Перешептывания слились в рев – утробный, голодный, истошный, страстный,– рев такой мощный, какой не в силах исторгнуть в одиночку человеческая глотка, исполненный такой веры, какой не проникнется в одиночку самая набожная душа, такой любви, какой не может вместить в одиночку человеческое сердце; этот рев взмыл и сник, упал до шепота, когда раздались первые тихие звуки музыки и видение ратуши исчезло и перед толпой возник помост. Кафедра проповедника, капитанский мостик, дирижерский пульт? Колыбель младенца, скромный гроб из простого тесаного дерева, нечто грандиозное и в то же время целомудренное, деревянная чаша Грааля, вместилище немецкой истины. И на этом помосте – совсем один, один, но неустрашимый, единственный борец за эту истину, обыкновенный человек по имени Карфельд.
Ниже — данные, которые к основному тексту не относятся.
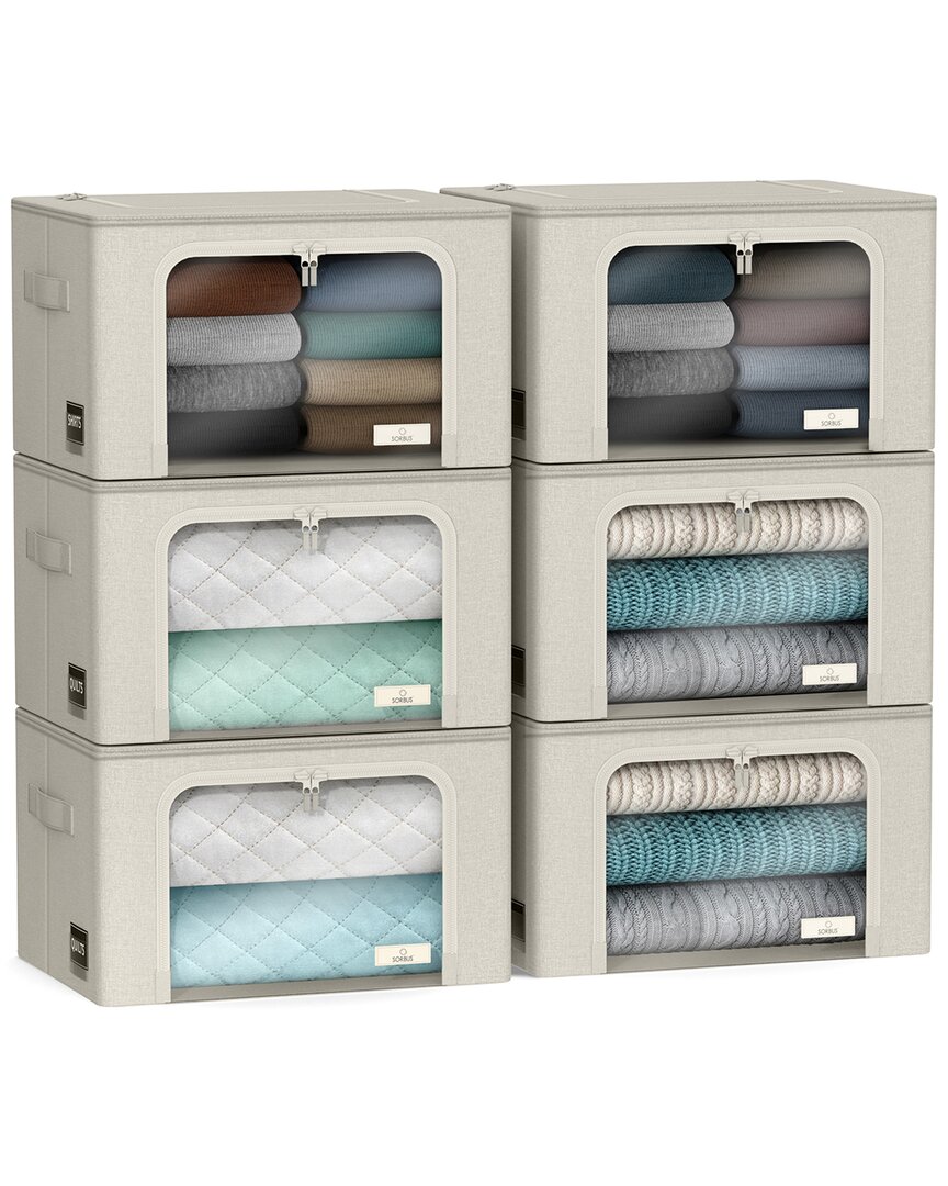 Color/Finish: Beige Design Details: Pack, Zip, And Transport Household Essentials The Sorbus Storage Bin Set It Features A Front And Top Zipper Opening, With Two Carry Handles, And A Large Transparent Front Window. The Generous Size Provides Plenty Of Room For Seasonal Apparel, Bedding, Linens, Holiday Decorations, Toys, Accessories, And More. A Fully Zippered Closure Protects Items From Dust, Pest, And Water Damage While The Large Clear Window Allows You To See Contents At A Glance. As A Bonus, Each Bin Includes A Content Id Window To Quickly Label What's Inside. This Set Of Two Can Be Used Individually Or Stacked Together In Your Designated Storage Area. When Not In Use, Simply Collapse Flat And Tuck Away For Easy Storage. . Front And Top Loading Design With Zipper Closure. . Clear Front Window For Quick Viewing Measuring 11 H X 14 W. Structured With A Metal Frame Supports Stacking. Completely Collapsible For Easy Storage. Portable Side Carry Handles For Easy Transport. Content Id Window For Labeling Measuring 2.5 H X 3 W. Pops Open And Collapses Flat For Storage. Dust-Proof, Moisture-Proof, And Moth-Proof. Clean With A Damp Cloth And Air Dry. Made Of 100% Nonwoven Polyester And Metal Frame. Each Bin Measures Approximately 15 L X 19.5 W X 13 H Measures 19.5 X 13 Capacity: 66 Q Materials: Fabric, Metal Imported Contents Of Set: 6 Storage Bins

– Питер! – Тернер осторожно указал на узкий проулок. Рука его дрожала, но взгляд неотрывно был устремлен в одну точку. Тень? Караульный, ставший на пост?
– Я бы на вашем месте не тыкал так пальцем,– прошептал де Лилл.– Ваш жест может быть неправильно истолкован.
Но никто в эту минуту не обращал на них внимания, ибо все видели только Карфельда.
– Клаус! – ревела толпа.– Клаус с нами!
Дети, помашите ему рукой, Клаус, волшебник, пришел к нам в Бонн на немецких сосновых ходулях.
– А этот Клаус очень смахивает на англичанина,– донесся до Тернера шепот де Лилла,– хоть он и ненавидит нас, смертельно ненавидит.
Он казался таким маленьким, стоя там, наверху. Говорили, что он высокий, и было бы совсем нетрудно с помощью всевозможных ухищрений сделать его выше на фут или на два. Но он, видно, сам хотел казаться меньше, словно для того, чтобы подчеркнуть, что великие истины изрекают скромные уста. А он, Карфельд, скромный человек и, совсем как англичане, не любит выставлять себя напоказ. При этом он был человек нервный, и ему явно мешали его очки – у него, видимо, не было времени протереть их в эти трудные дни, и теперь он снял их и принялся вовсю полировать стекла, точно понятия не имел, что на него смотрит толпа. Еще не сказав ни слова, он как бы говорил: это другие – не я – устроили такую церемонию, мы-то с вами, вы и я, знаем, зачем мы здесь.
Давайте помолимся.
– Больно уж яркий свет и бьет ему прямо в глаза,– произнес кто-то,– надо бы поубавить.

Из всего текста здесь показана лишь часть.